(Data extracts Opens)
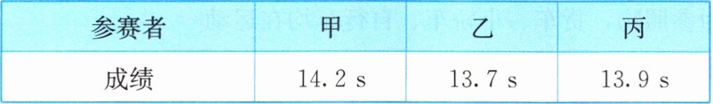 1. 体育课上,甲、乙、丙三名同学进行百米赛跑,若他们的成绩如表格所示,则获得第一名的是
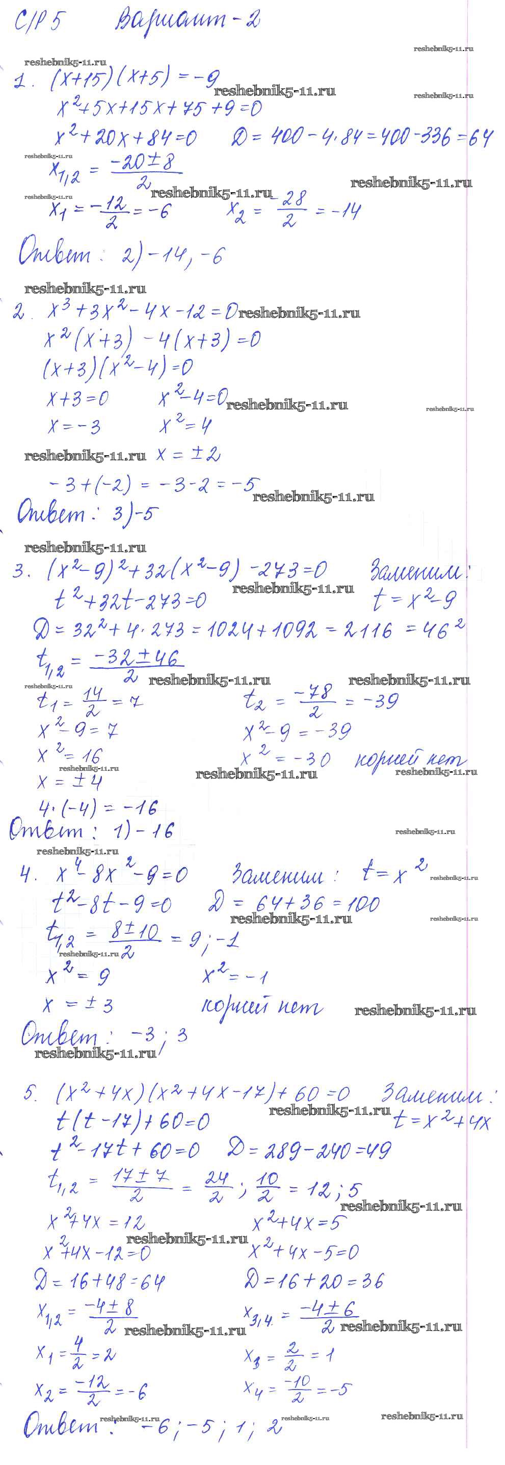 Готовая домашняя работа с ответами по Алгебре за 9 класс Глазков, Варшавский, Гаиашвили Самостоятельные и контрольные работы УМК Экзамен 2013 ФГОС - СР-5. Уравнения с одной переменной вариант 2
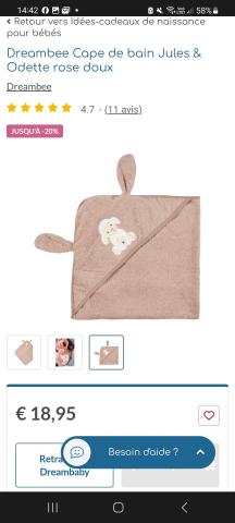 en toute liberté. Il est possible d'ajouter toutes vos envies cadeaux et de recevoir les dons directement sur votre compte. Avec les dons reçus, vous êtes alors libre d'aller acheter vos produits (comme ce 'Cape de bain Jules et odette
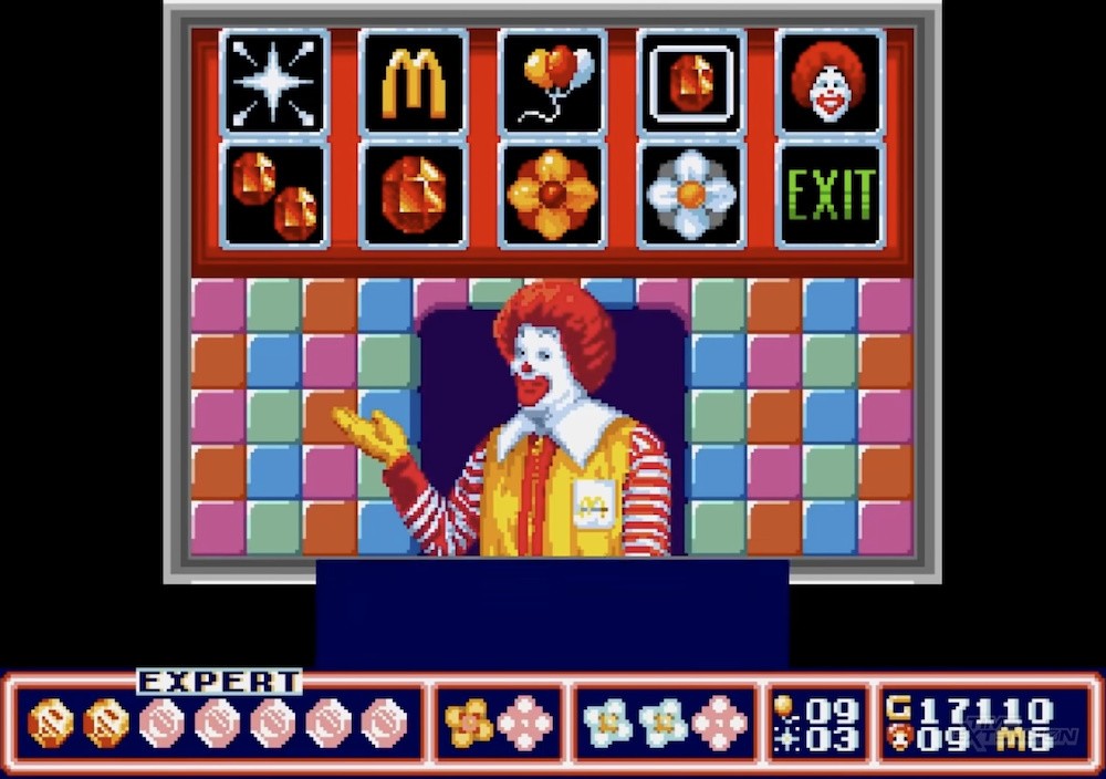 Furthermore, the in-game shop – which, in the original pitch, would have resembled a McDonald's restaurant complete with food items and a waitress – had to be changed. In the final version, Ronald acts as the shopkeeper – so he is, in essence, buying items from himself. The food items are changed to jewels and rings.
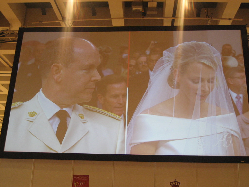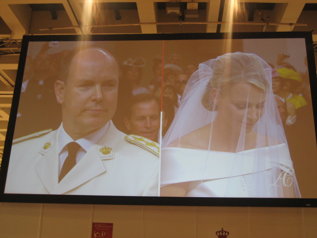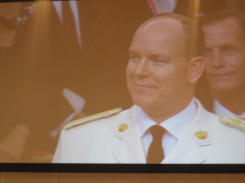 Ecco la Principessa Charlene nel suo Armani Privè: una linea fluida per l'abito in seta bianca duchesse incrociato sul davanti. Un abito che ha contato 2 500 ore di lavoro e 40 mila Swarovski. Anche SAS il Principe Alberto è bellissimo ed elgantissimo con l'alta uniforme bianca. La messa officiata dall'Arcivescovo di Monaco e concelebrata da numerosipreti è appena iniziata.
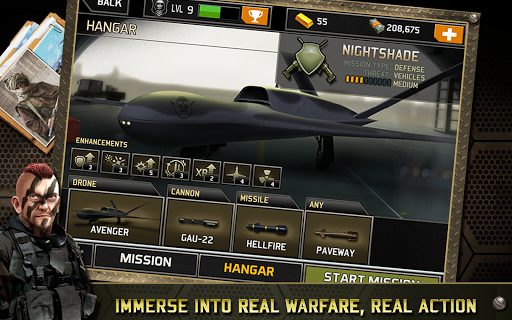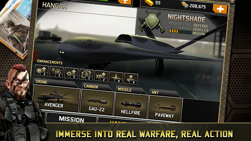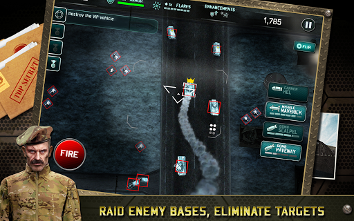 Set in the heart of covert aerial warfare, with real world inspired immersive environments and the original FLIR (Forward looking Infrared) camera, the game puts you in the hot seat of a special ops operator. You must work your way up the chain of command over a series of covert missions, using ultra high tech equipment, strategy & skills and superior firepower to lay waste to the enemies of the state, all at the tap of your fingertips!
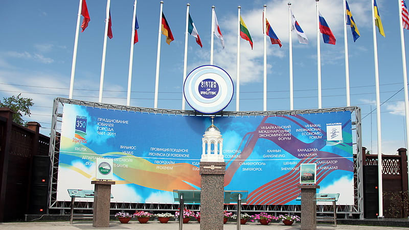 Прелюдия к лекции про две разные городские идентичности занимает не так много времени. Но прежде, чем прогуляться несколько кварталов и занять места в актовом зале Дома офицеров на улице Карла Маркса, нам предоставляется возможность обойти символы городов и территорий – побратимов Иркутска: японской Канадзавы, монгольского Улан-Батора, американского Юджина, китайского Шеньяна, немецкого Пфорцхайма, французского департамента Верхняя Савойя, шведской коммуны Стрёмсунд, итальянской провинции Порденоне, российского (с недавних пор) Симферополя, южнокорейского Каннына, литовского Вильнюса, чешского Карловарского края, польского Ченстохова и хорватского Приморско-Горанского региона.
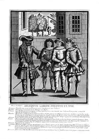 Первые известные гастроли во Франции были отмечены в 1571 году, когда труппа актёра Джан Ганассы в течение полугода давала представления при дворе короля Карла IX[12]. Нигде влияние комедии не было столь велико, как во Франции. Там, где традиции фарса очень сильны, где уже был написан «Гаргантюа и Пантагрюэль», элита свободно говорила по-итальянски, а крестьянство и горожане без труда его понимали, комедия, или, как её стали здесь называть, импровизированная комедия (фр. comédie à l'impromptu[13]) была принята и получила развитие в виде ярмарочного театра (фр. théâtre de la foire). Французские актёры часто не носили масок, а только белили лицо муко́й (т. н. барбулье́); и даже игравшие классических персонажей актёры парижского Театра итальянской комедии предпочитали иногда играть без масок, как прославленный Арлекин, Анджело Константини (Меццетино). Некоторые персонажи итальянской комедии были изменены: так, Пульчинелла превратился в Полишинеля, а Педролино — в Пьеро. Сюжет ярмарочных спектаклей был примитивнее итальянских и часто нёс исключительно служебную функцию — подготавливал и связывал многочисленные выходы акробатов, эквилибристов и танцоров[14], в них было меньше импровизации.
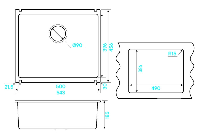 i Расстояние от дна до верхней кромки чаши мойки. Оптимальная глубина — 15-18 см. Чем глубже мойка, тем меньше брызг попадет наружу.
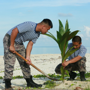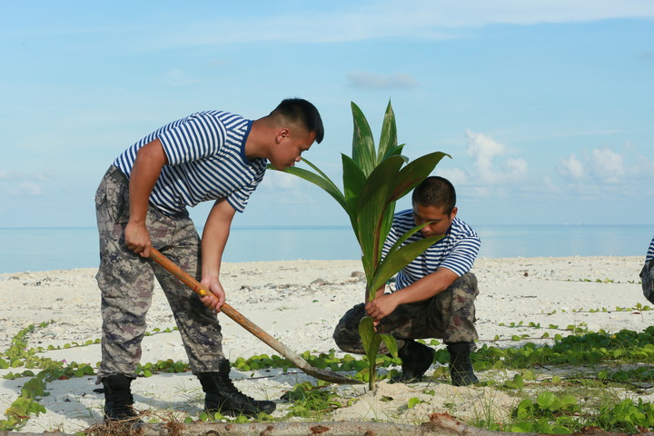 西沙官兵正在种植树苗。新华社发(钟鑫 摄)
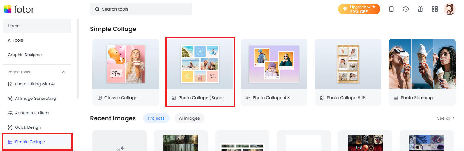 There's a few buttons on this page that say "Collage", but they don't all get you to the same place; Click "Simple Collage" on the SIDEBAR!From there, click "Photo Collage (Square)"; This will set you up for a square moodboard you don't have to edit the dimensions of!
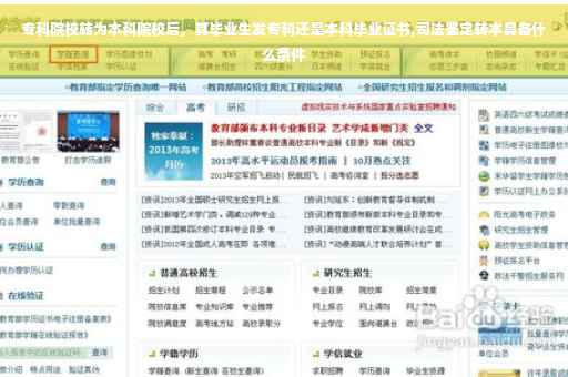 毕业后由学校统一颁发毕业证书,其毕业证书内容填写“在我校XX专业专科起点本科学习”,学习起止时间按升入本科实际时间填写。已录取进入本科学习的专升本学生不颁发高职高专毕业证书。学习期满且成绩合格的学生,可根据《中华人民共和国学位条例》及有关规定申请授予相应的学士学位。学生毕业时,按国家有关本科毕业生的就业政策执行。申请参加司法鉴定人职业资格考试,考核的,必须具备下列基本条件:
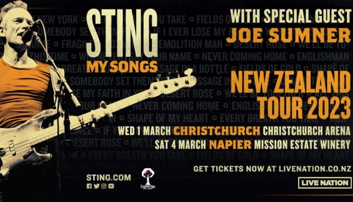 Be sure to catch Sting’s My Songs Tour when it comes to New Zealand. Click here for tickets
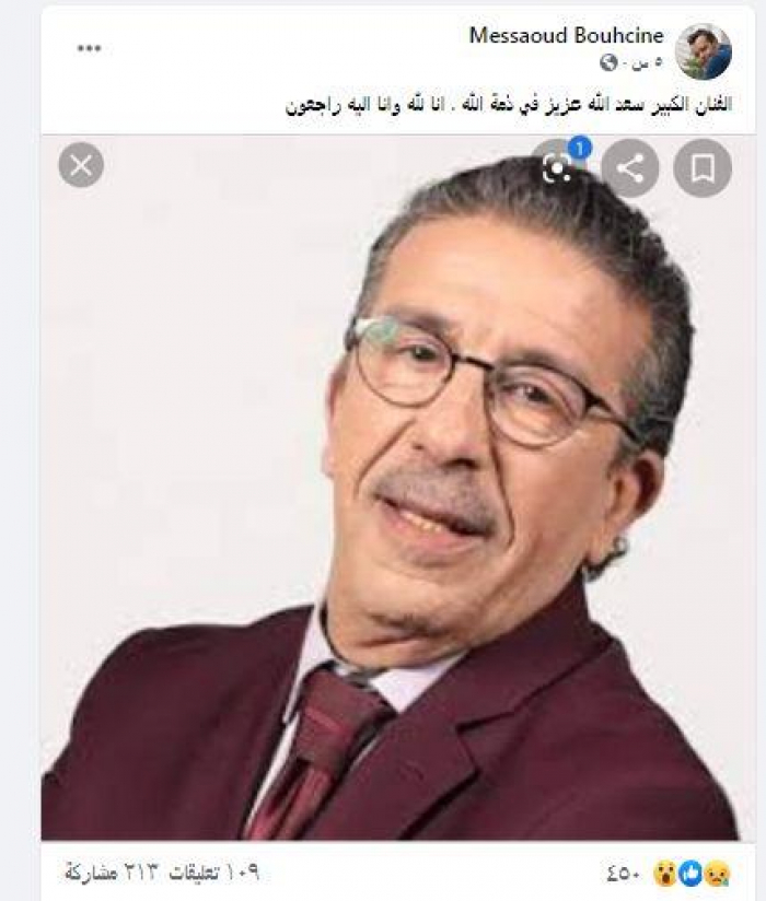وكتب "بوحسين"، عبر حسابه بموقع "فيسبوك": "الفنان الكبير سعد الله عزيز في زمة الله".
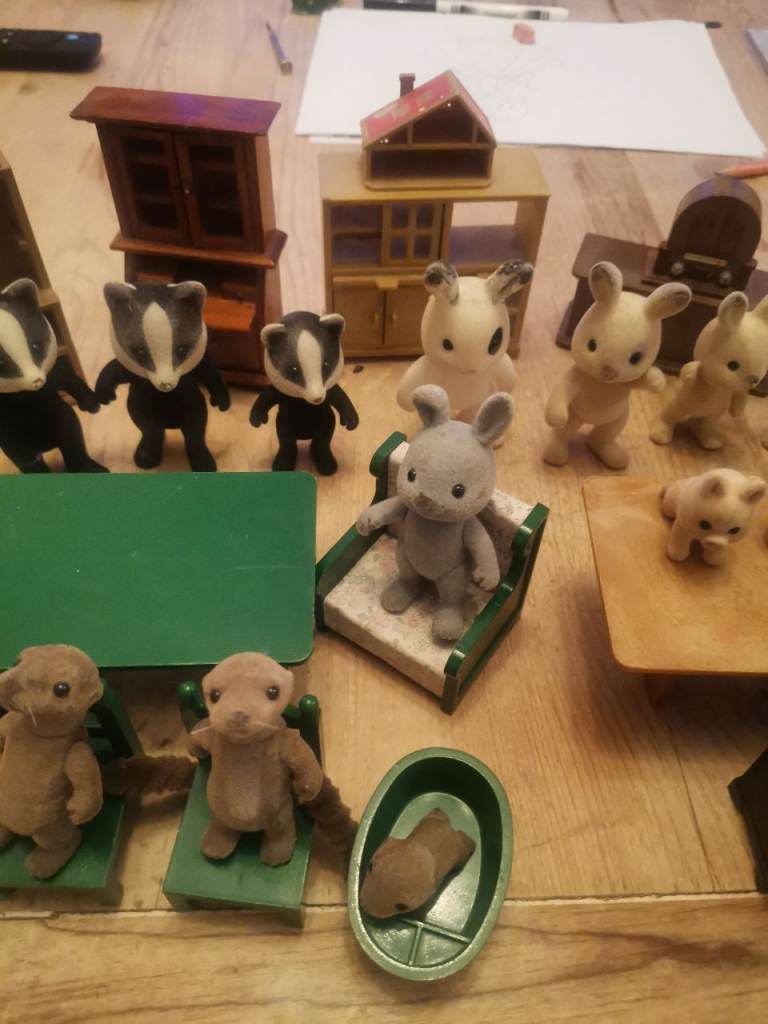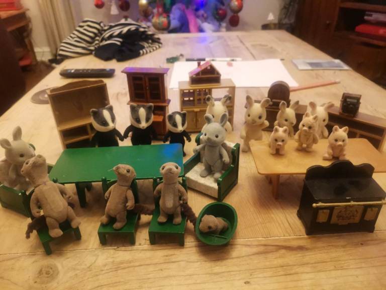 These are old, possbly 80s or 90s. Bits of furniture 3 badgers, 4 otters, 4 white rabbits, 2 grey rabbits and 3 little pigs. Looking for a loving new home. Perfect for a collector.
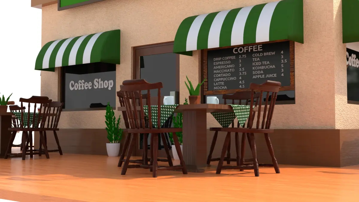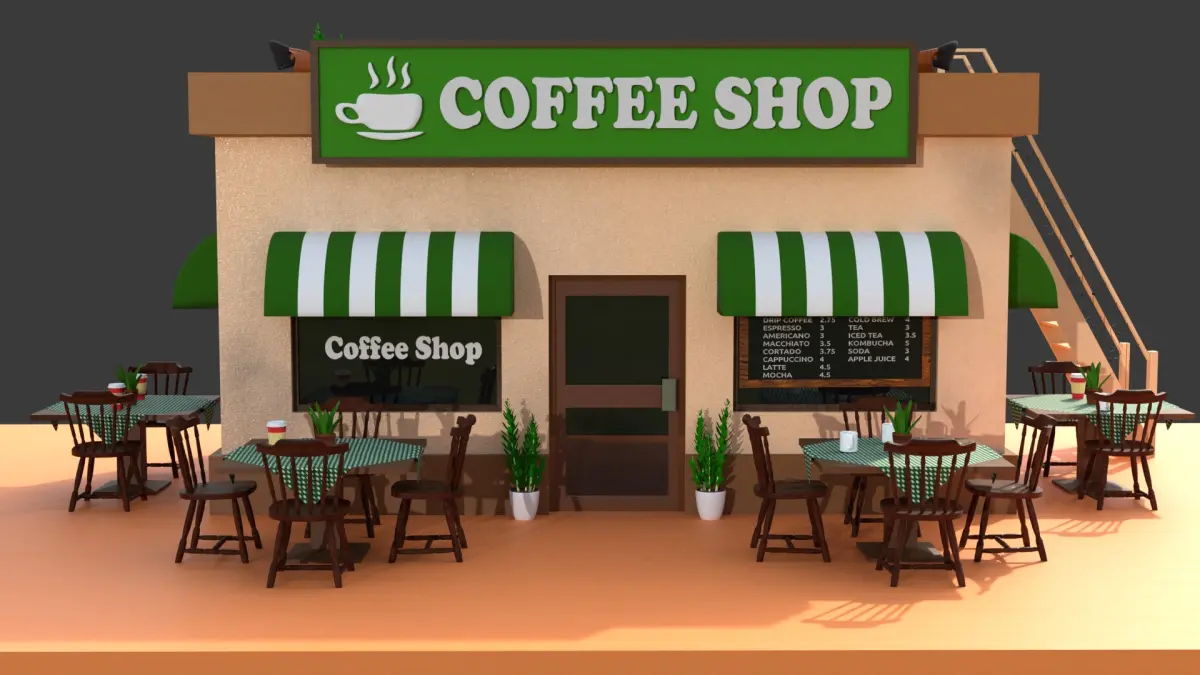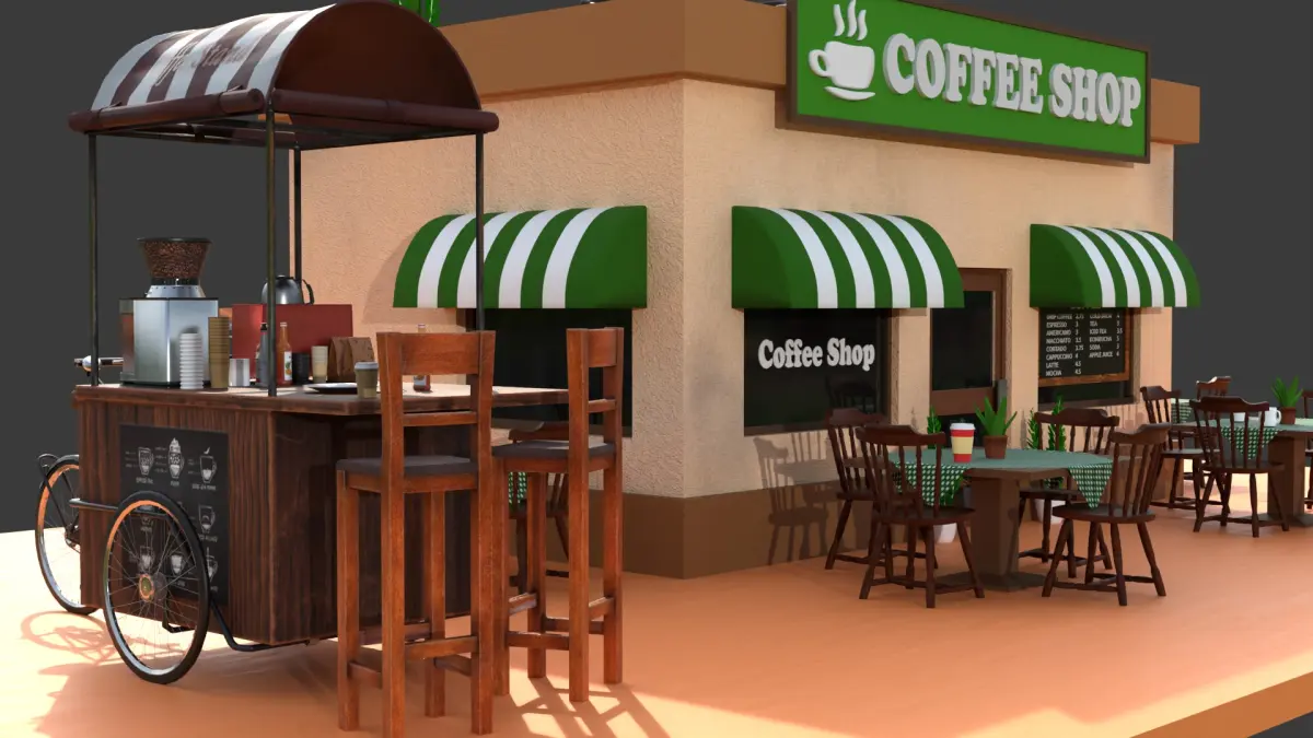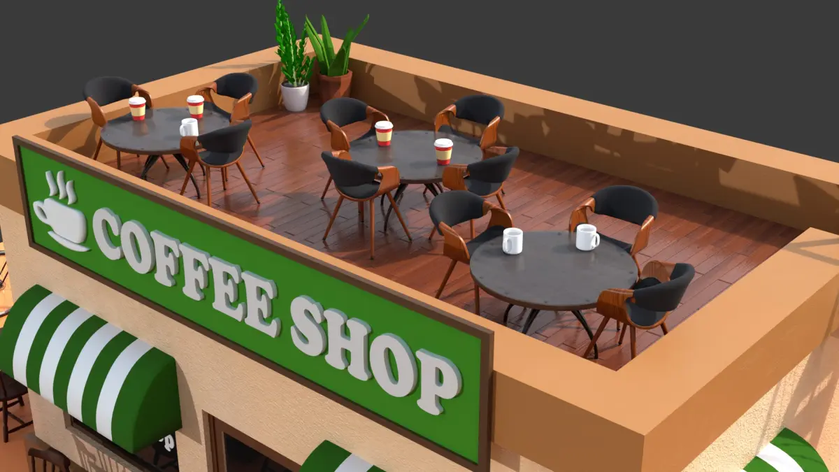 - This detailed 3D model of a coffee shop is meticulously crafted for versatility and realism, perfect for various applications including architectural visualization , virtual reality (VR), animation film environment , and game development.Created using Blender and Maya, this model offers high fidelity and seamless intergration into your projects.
(Data extracts Closes)
## Exercise details:
What you return must match the lines from the top of the data through the line with "en toute liberté." exactly, with the pictures removed.

## Reply to the exercise:
 1. 体育课上,甲、乙、丙三名同学进行百米赛跑,若他们的成绩如表格所示,则获得第一名的是
 Готовая домашняя работа с ответами по Алгебре за 9 класс Глазков, Варшавский, Гаиашвили Самостоятельные и контрольные работы УМК Экзамен 2013 ФГОС - СР-5. Уравнения с одной переменной вариант 2
 en toute liberté. Il est possible d'ajouter toutes vos envies cadeaux et de recevoir les dons directement sur votre compte. Avec les dons reçus, vous êtes alors libre d'aller acheter vos produits (comme ce 'Cape de bain Jules et odette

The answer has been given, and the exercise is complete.